For my graduate work I was in the thick of the first suite of graduate students devoted to molecular microscopy and watched John attract collaborators from medical schools and electron microscopy aficionados to enrich the collaboration. My graduate work resulted in a working prototype of his idea for a molecular microscope that imaged water molecules evaporating or stimulated from surfaces.

Dylla and King in MIT's Molecular  Beam LabBy the time I left MIT for a post-doc at Princeton in 1975, my graduate experience had taught me how to design, build, operate, and model the data from crude to more sophisticated working instruments built from scratch. My microscope went through at least three improved versions before I was granted my PhD. Five years after leaving MIT, I was able to really complete the aspiration of my original PhD thesis project: imaging individual biological cells. At Princeton I joined a fellow MIT student, Sam Cohen, and we amassed a suite of state-of-the-art surface analysis equipment for Princeton’s magnetic fusion program. With this more sophisticated equipment and a persistence drilled into all King students, John and I garnered an article in Nature,[2] which showed images of my own red blood cells.

My most vivid memories of John remain from the frequent group lunches in MIT’s Walker Memorial cafeteria, attended by most of the graduate students and several undergraduates, where John would hold court. The topics would range from discussions of our late-night adventures in the lab; to John’s stories of his adventures as a kid in New England who could outsmart the local power providers when he needed a little more juice for his basement experiments; to why even the basic physics of the lifetime of a conventional electromagnetic relay is rich in science. Our conversations about science and engineering were far ranging, but on the rare occasion that some obscure effect didn’t interest John, we heard this famous line which his students had engraved on a plaque for his office:

You can’t expect me to explain every cruddy little phenomenon.”

I have never met another person like John, and my entire scientific career was enriched and made possible by John’s friendship and mentorship.

I end this tribute with John’s last rule for life in science:

Don’t be so impressed with the big weenies—wherever they show up—in science, academia, or government.
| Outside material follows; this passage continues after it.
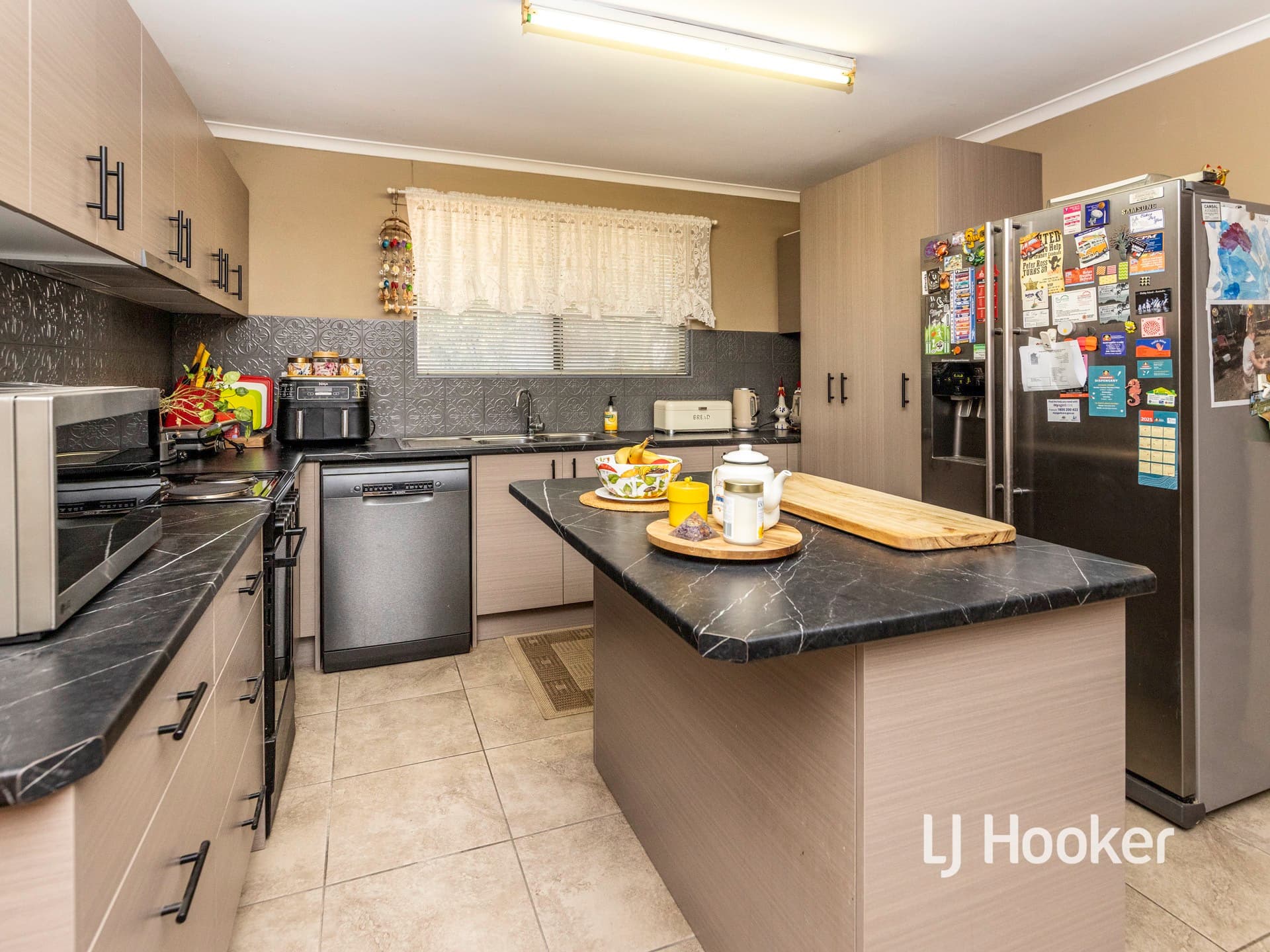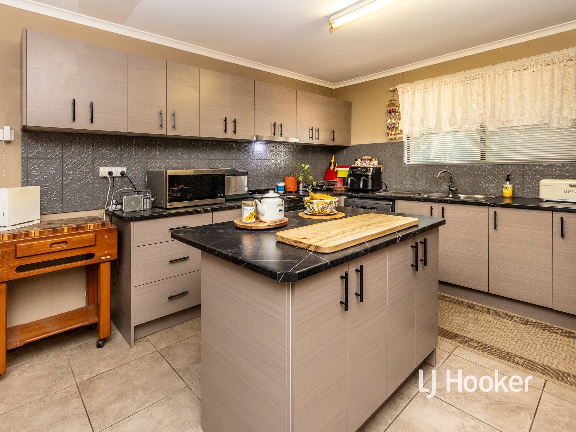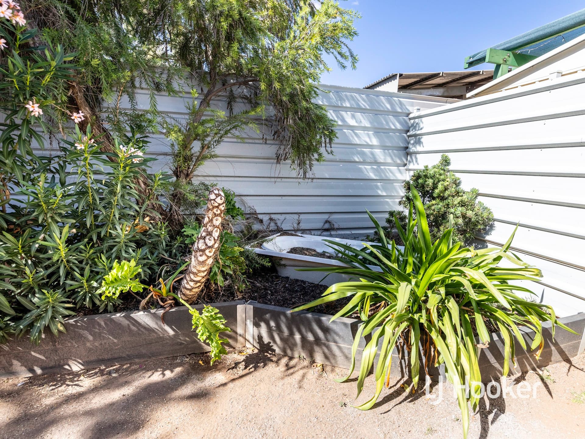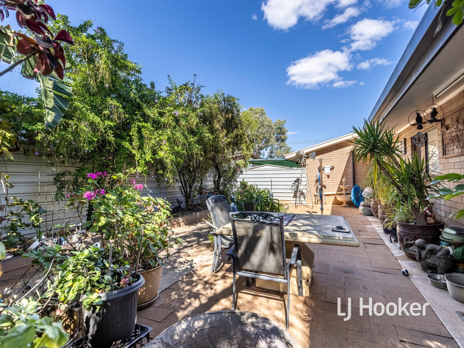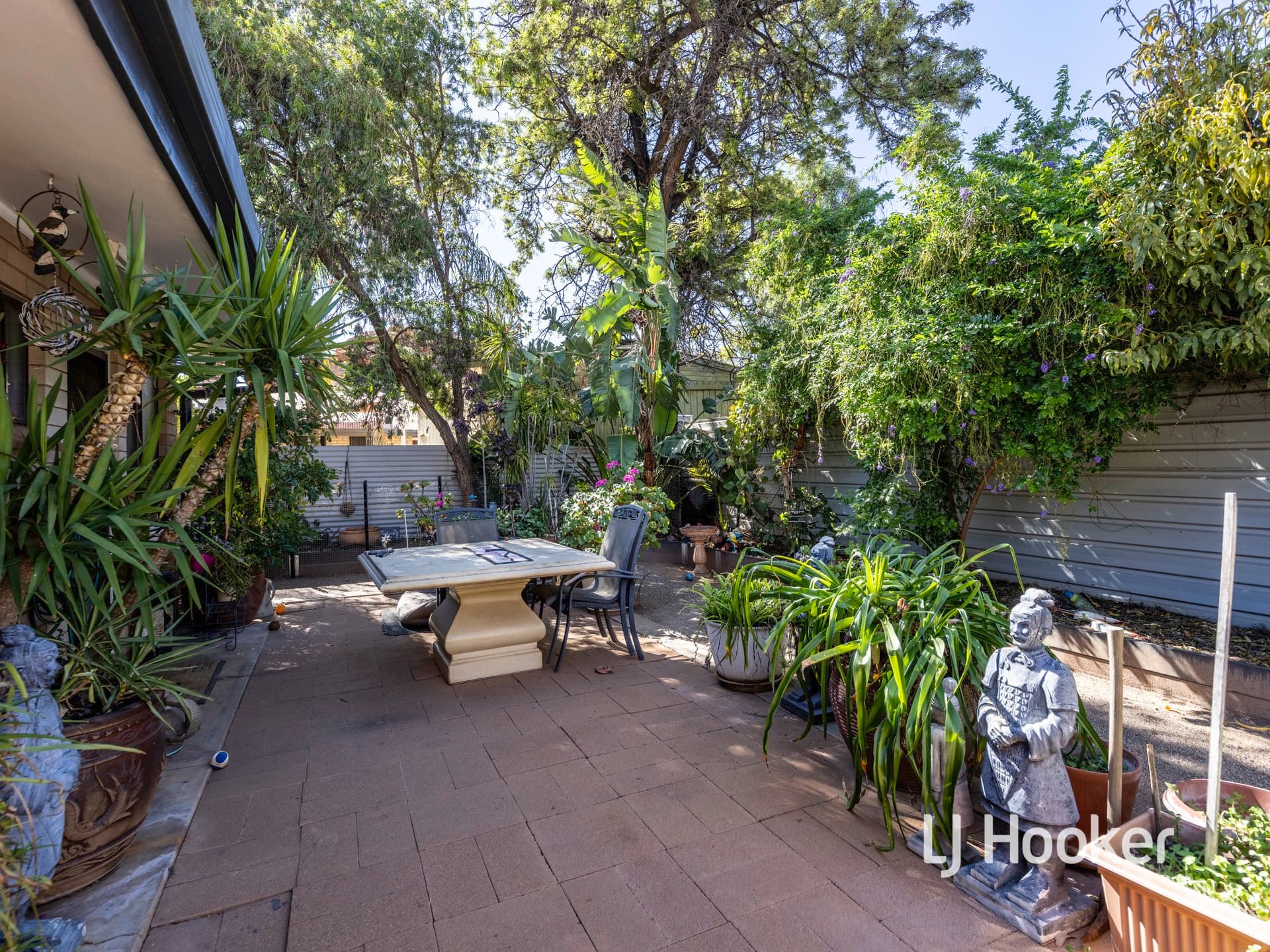 The oversized laundry leads to the well organised and lush back garden. There are well established trees, shrubs and healthy garden beds.

John was the opposite of the trumped-up personality, who is often too self-confident and ego drenched for their own good. He was genuine, dedicated to trying to help you understand the world around you—especially with respect to physicsbut also with life in general. He cared about you as a person, your family, the books you read or should be reading, the food or wine that you should sample, and he didn’t ignore anything that life could teach you. I owe almost everything in my training and behavior as a scientist to sharing many of my formative years with John King.

I was very fortunate to have such a mentor. Even though I have always learned from colleagues in my environment, John King’s influence on me will be unreplaceable.

To learn more, you can tap into history from the source. Read the oral history interview of John King conducted by George Zimmerman in 2009 through AIP’s Niels Bohr Library and Archives.

[1] H.F. Dylla and J.G. King, Phys. Rev., A7 (1973) 1224.

[2] H.F. Dylla and J.G. King, Nature, 291 (1981) 401.